The amount of stored force that clamp 10 has in the spread position must be great enough to overcome the friction between the touching surfaces of clamp 10 and cylinders 1 and 2. Friction is obviously maximized if surface 15 and its counterpart on a cylinder are parallel to axis 8, as this configuration maintains the surfaces in contact with each other as clamp 10 moves to the relaxed state. If surface 15 is at an angle to axis 8, as illustrated in FIG. 1C, any reduction in the diameter of clamp 10 will increase the space between the overlapping clamp and cylinder, greatly reducing the friction between these members.
It should be apparent that there are many modifications possible with this invention.
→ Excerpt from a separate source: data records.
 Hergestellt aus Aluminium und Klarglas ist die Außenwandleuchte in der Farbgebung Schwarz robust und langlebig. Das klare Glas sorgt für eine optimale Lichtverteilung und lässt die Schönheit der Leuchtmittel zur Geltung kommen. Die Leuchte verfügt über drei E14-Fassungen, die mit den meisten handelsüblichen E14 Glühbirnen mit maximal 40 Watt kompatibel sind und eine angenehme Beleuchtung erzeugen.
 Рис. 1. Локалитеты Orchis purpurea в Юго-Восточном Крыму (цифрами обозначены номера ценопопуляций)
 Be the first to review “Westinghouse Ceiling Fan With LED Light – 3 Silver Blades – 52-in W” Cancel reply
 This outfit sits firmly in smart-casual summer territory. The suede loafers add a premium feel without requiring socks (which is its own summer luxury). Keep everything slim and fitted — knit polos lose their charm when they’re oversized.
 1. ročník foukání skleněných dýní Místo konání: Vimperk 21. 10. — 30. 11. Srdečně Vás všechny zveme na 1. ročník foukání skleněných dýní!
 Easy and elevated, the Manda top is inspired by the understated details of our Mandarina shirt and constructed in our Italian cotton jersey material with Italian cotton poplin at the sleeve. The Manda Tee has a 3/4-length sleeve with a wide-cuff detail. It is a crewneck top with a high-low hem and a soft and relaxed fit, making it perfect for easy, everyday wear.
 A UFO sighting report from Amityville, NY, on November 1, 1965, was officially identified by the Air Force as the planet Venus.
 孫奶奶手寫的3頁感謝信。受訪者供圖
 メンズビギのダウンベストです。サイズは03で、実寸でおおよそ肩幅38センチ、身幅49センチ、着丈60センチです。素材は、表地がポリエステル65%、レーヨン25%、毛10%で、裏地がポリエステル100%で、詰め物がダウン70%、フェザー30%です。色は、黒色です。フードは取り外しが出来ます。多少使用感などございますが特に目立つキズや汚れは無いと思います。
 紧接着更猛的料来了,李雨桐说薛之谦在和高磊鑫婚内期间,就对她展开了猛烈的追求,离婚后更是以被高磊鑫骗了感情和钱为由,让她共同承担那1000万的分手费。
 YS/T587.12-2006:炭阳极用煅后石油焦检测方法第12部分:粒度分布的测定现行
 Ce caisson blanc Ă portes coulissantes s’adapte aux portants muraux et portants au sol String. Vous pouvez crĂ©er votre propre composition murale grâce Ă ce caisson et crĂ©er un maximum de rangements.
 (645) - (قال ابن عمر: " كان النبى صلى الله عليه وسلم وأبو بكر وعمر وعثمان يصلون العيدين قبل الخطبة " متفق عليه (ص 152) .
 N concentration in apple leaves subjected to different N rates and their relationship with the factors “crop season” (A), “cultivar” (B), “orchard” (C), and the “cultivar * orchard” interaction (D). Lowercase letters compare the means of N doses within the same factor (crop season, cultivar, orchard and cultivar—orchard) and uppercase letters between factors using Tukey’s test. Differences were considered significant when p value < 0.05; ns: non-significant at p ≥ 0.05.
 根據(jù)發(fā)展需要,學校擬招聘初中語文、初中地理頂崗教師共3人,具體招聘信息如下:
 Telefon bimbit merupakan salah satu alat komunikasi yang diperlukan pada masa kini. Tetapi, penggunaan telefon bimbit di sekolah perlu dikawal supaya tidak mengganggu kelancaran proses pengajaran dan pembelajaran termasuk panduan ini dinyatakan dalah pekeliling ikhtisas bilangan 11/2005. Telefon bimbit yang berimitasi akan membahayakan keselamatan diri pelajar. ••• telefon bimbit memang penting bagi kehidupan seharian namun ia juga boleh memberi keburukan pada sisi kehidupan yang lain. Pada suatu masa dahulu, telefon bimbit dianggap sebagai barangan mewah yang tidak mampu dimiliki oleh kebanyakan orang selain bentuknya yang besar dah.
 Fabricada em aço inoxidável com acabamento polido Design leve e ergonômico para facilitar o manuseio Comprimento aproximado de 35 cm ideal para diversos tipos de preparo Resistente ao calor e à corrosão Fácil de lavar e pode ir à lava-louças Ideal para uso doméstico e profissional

For example, many other forms of spreader are contemplated, such as a wedge that is placed between the ends 24, 26 and either destroyed or removed to cause the clamp to go the relaxed position. In addition, the linear shaped charge leg cutter could be replaced by explosively or otherwise-actuated cutters that mechanically sever the spreader legs from the spreader body. It is intended that the scope of the invention be defined by the appended claims.